花大姑说到此,将手中两把折刀一举一分,一前一后朝着彭宇文摆开了准备进攻的架式。彭宇文哈哈一笑说:“只要是刀就可以杀人,你是双刀,我也是双刀,今天我就杀了你,替我二叔报仇。”他口中仇字一落,挥动手中双刀就向花大姑扑了过来。花大姑不慌不忙地挥刀迎上他,两个人四把刀顿时就在天坛坪中互相狂砍,猛劈起来。
月光下只见他俩手中的刀越挥越快,一会儿就不见了人影,只见了刀光。一阵阵铁器相碰相撞的“叮咚,叮咚……”之声不绝入耳地在旷野中响起,间或中挟有他俩的娇喝与狂吼之声。近半个小时过去了只听一声女人的娇喝响起:“你躺下!”跟着就听一个男人张嘴叫了一声:“娘!”随后又听叮咚一声响,宇文手中的短刀掉在了地上。
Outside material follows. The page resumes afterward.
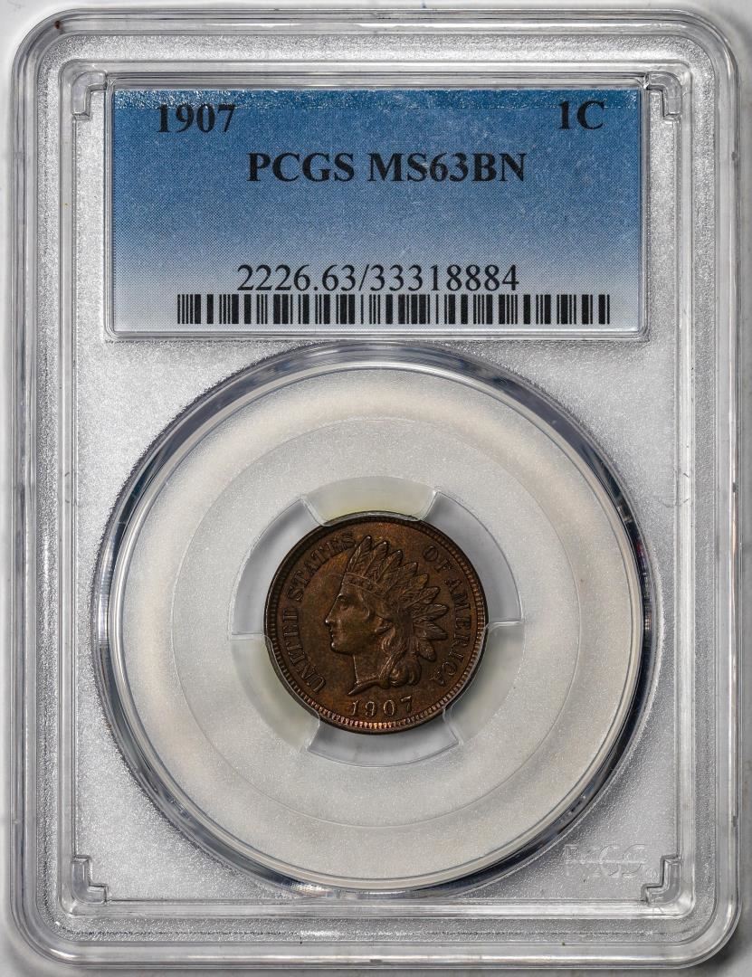 One 1907 Indian Cent Coin PCGS MS63BN. PCGS Graded.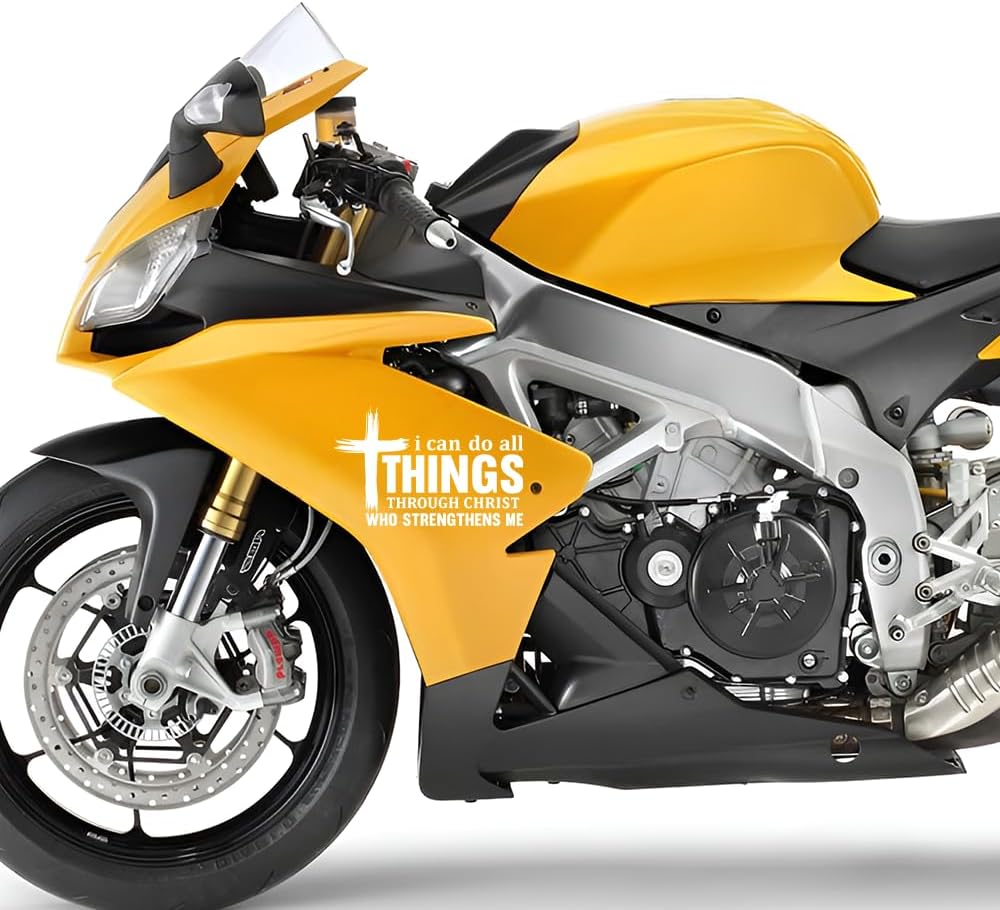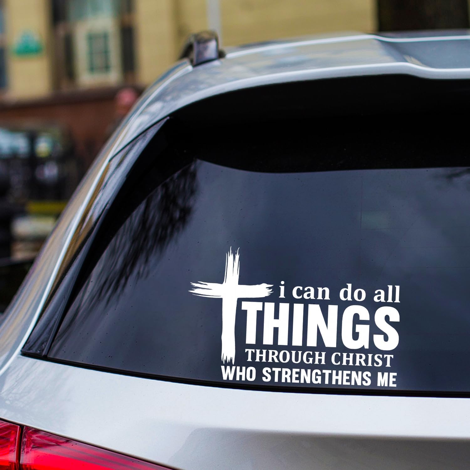 • Bible Verse Faith Sticker: Features Philippians 4:13 – “I can do all things through Christ who strengthens me” – in bold white vinyl. A timeless reminder of strength and faith for believers of all ages.

宇文左手鲜血直流地跳出了刀圈,一边向天坛连连后退,一边右手挥刀乱挡花大姑攻向自己的两把折刀。
花大姑一边猫戏老鼠般地挥刀朝彭宇文砍,一边张嘴骂道:“彭宇文你们彭家作恶太多,一个个罪不可恕,气数将尽,这次非将你们彭家摧毁不可。”彭宇文一边向后退,一边挥刀拦挡着她的刀回道:“就凭你这个女人也想摧毁我们彭家,真是痴心妄想,我们彭家在凉山也有几百年的根基了。”他口中的了字刚落,花大姑右手一折刀砍在了他的左肩膀上,痛得本来就受了伤的彭宇文张嘴大叫了一声:“娘!”左胳膊就垂下了。
花大姑依然一边对他挥刀直砍,一边娇喝:“如果老娘要杀你,早就可以杀了你,老娘之所以不杀你,就是要折磨你,让你也感受一下即将死亡的恐惧,害怕。你彭宇文曾经让多少无辜的客商临死时害怕,恐惧过,你害得多少人家破人亡,妻离子……”她的话还没有完,还刚说到子字,令她意想不到的事情发生了。彭宇文潜伏在左右两边,两棵树的两伙计向她射箭了,两支箭呼啸着从左右两边分别射向她。毫无准备正在骂得开心的花大姑右臂与左腋下同时中箭了。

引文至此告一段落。